Home > Other > Holiday Buzz > Page 30
Holiday Buzz Page 30

by Cleo Coyle


  I passed the CD-R to Tucker and asked him to pop it into our player. A minute later, a pure, sweet voice filled the coffeehouse. M sang about pain and longing and a love that could never be.

  Hearing her words, and the powerful emotion in her delivery, Boris caught my eye. “Wery nice,” he said. “The voice is beautiful, lyrics, too, but production walues . . .” Boris shook his head. “Nyet,” he said, giving a thumbs-down. “Takes much money to make professional recording. Ten thousand, just for studio time.”
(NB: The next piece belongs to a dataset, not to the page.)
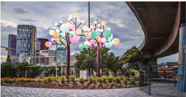
Fly Over Park, Bridgeland, Calgary, Alberta.

  Ten thousand dollars was precisely the amount Moirin had planned to present to Dave, according to her scribbled note. It seemed clear enough: M wanted Dave to produce her songs, even if she had to bribe him to do it.

  And from the poignant, heart-tugging lyrics M had written, something else was clear. Ross Puckett and my barista Dante were wasting their time when they hit on M. She wasn’t interested, and not because of what happened in Ireland.

  It was because M wanted more from David Brice than a production engineer. She wanted the man’s love. Making a professional recording was only part of what she dreamed of sharing with him . . .

  “Play that last song again,” I asked.

  As the tune repeated, I gazed through the French doors. The winter sun was strong this morning, and a light snow began to fall. While the flakes swirled in midair, I mentally painted M there, looking in on us before taking her journey.

  I didn’t see her as an earthly body anymore, or a smoky ghost. Now she seemed more like the snow, crystalline and ethereal; bright and beautiful. My vision was like a little-girl memory—lying in whiteness, working arms and legs until something special was left behind for everyone to marvel at.

  It was then I knew what M had become.

  An angel.

  And when the heavenly host sang their hallelujahs at midnight tonight, she’d be right at home.

  Epilogue

  “I’LL see you tomorrow then, sweetheart, in time for Christmas dinner . . .”

  I said good-bye, wishing Quinn a Merry Christmas. Then I put my cell on manner mode and took a deep breath. Mike Quinn had planned to be here with me, on Christmas Eve, but something came up at work. Once again, he was stuck in Washington.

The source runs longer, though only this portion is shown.